Action item - Transcribe exactly the stretch of lines beginning at the one containing "Figure 10: The" and closing with the last line of the entries below. Omit images.

Data records
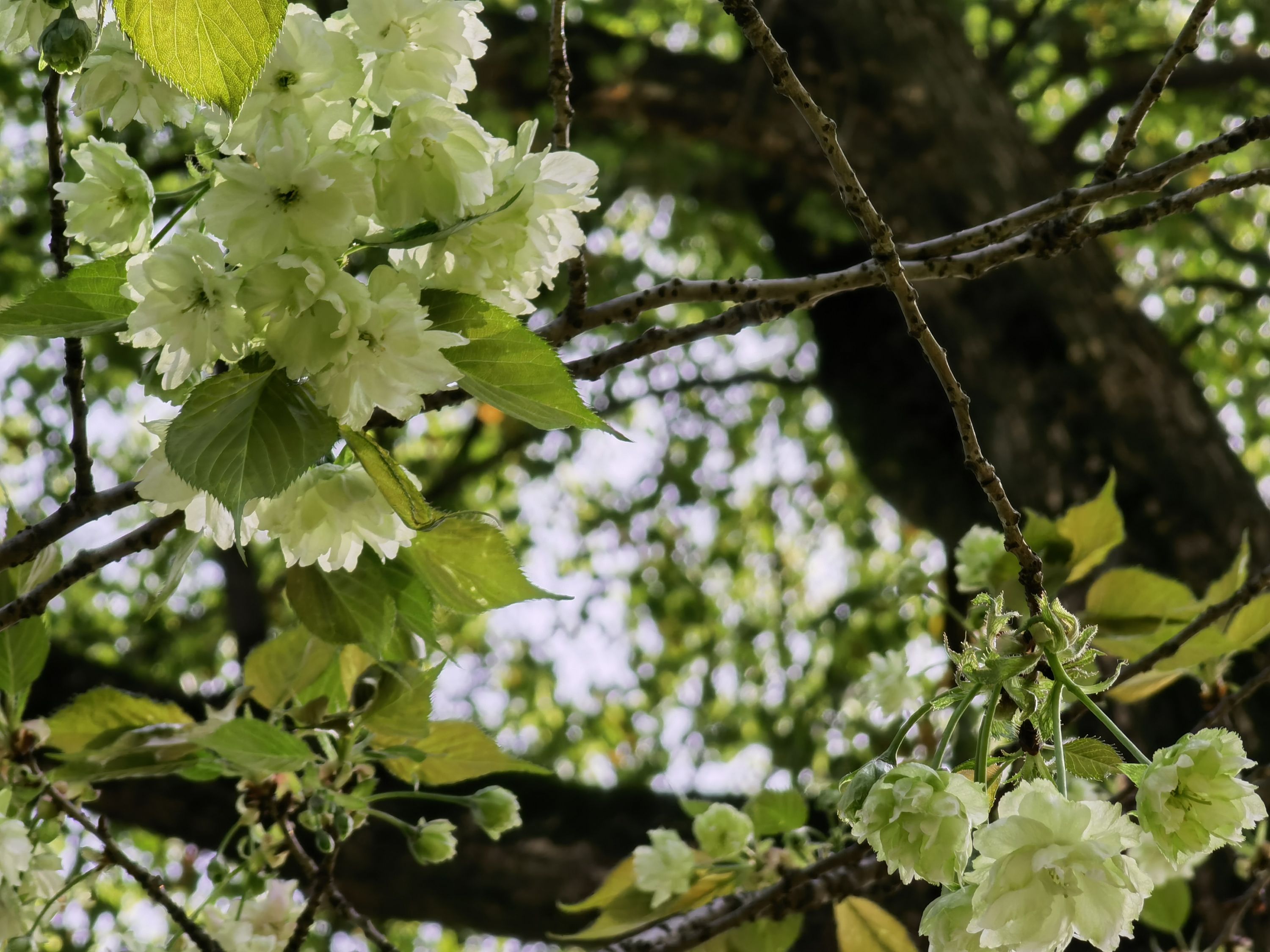 东湖樱花园内绿色樱花绽放,清新怡人。赵丽 摄
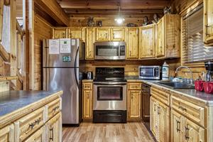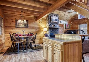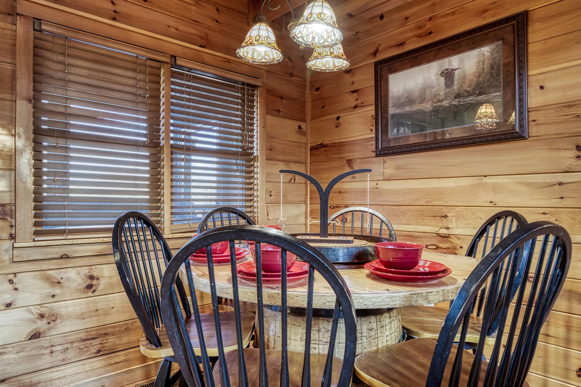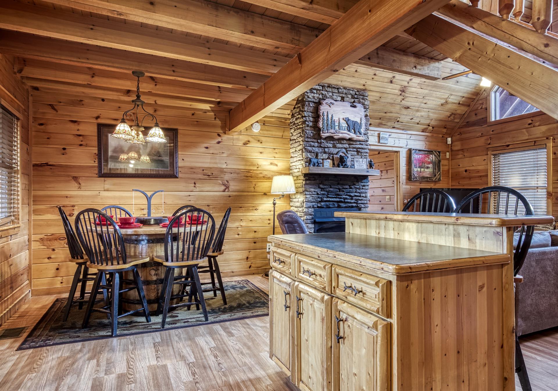 While a variety of Pigeon Forge and Sevierville restaurants lie in proximity, your well-appointed kitchen, boasting a breakfast bar and ample counter space, offers the perfect setting for savoring delectable meals within your cabin's inviting dining area. Alternatively, you can fire up the grill and relish a mountain cookout. Post-dinner, venture out to explore the endless wonders of the Smoky Mountains.
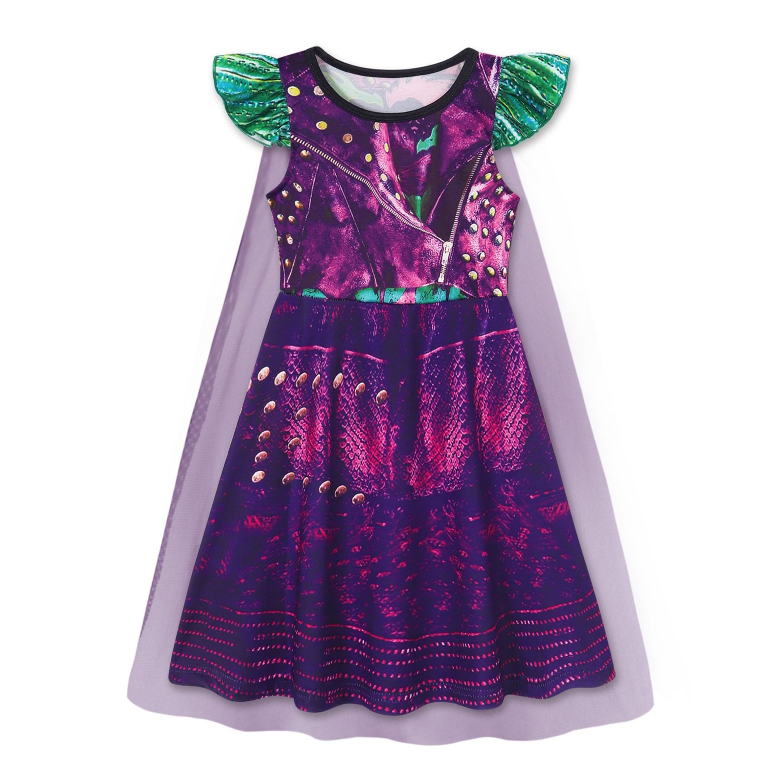 - Design: The girls’ Mal princess dress features short, flowing sleeves, a round neckline, and an A-line skirt paired with multiple layers of mesh tulle. The pullover design makes it easy to put on and take off. Vibrant 3D-printed patterns and bright colors immerse you in the charm of different princess characters.
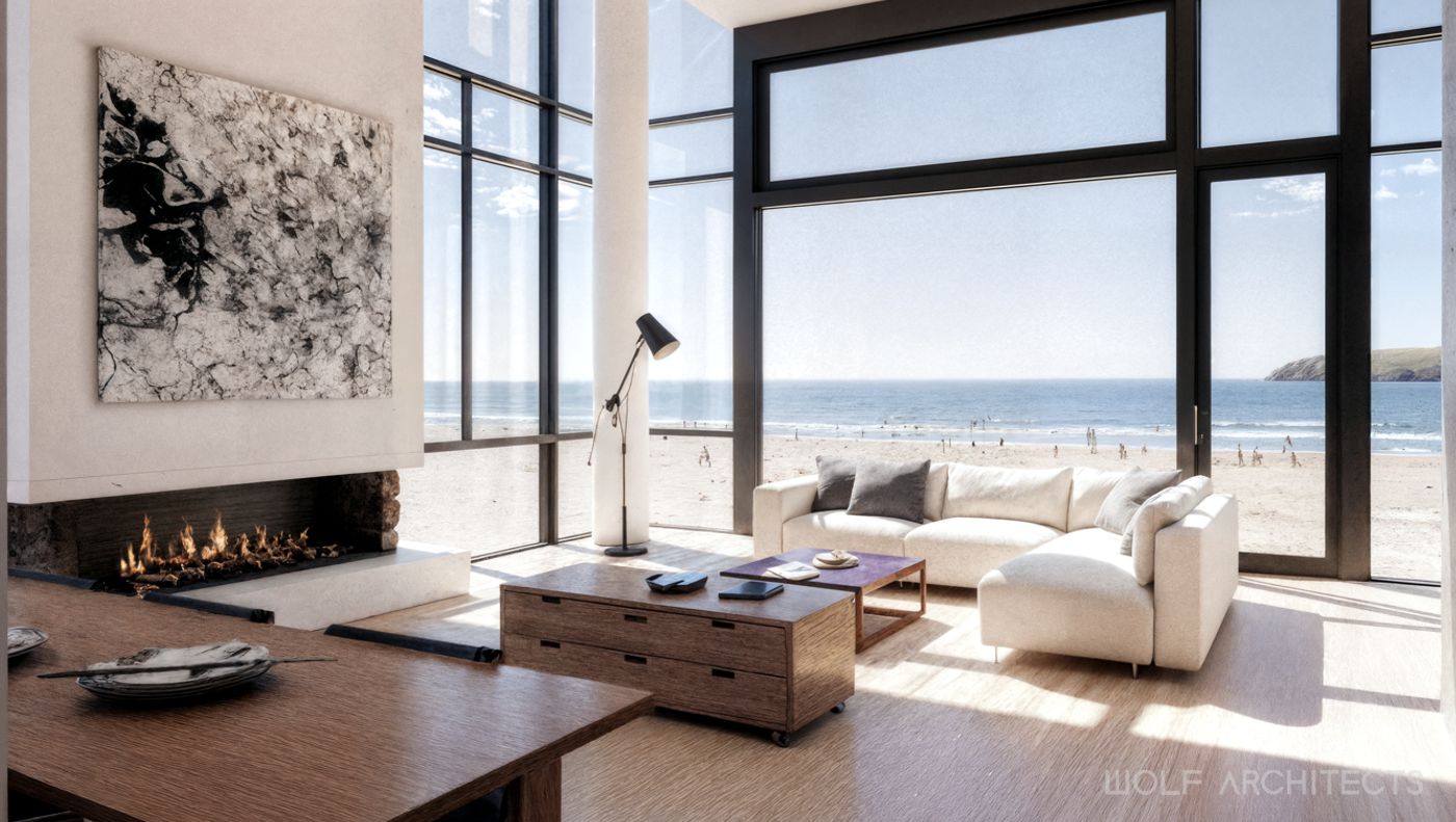 Large sliding doors and windows throughout allow direct access to the beach. The levels of the house are particularly strategic to ensure optimum views toward the horizon and the mountains in the distance. Collectively the house offers 360 degree views. Set into the roof is an open entertainment area which has become a signature feature seen commonly in many Wolf Category 3 houses. This deck not only has a 360 degree view but forms the perfect space for relaxing and viewing the stars at night. Together with roof top deck and basement, the house is essentially a 4 level home. However, the careful placement of split leveling and horizontal proportions disguise the house to be a sleek two story home. This was important as the client challenged WOLF Architects to come up with a design that made an architectural statement, while at the same time not impacting the context in a negative way. The building design and shape had to enhance the landscape rather than distract. Thus, an obvious cantilevered upper level was conceived to create a structure that appears from selected view points, hovering over the sea. A certain amount of transparency in the building’s structure was also necessary to allow as much of the sea and mountains that surround the site to be seen through the building.
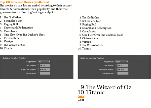 Figure 10: The appearance of a numbered list with with both one- and two-digit numbers can be improved by right-aligning the numbers and subtracting the width of the numbers from the Fist Line Indent value.
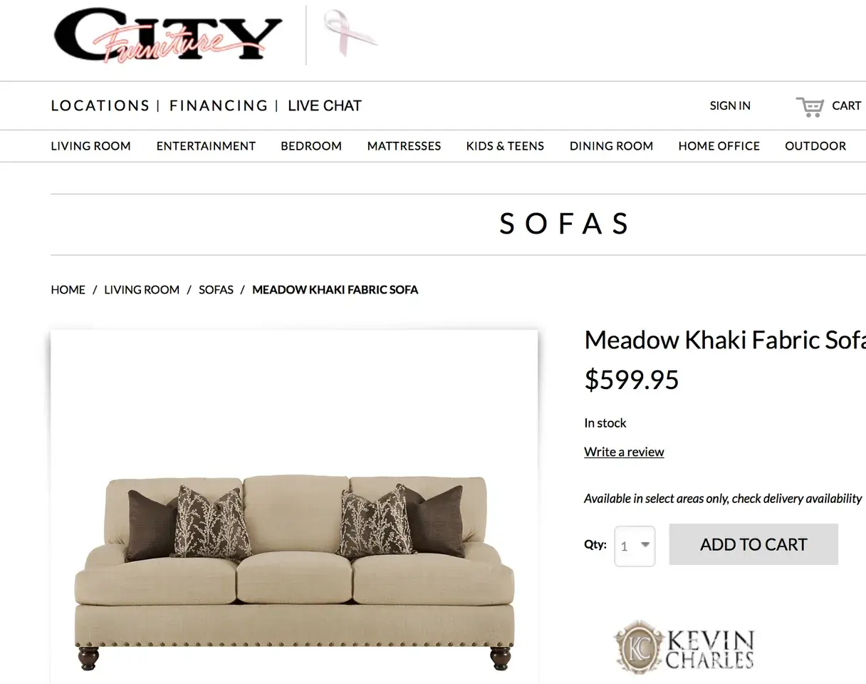 I purchased two Kevin Charles sofas in March, 2015. The first week a zipper broke when I was trying to reposition the slipping cushion. They did send a new cover. Now the cushions have to be slid back in every time you sit on them. The fabric is wearing and pilling and I am getting no where with Kevin Charles or City Furniture. I want a full refund.

Response area -
 Figure 10: The appearance of a numbered list with with both one- and two-digit numbers can be improved by right-aligning the numbers and subtracting the width of the numbers from the Fist Line Indent value.
 I purchased two Kevin Charles sofas in March, 2015. The first week a zipper broke when I was trying to reposition the slipping cushion. They did send a new cover. Now the cushions have to be slid back in every time you sit on them. The fabric is wearing and pilling and I am getting no where with Kevin Charles or City Furniture. I want a full refund.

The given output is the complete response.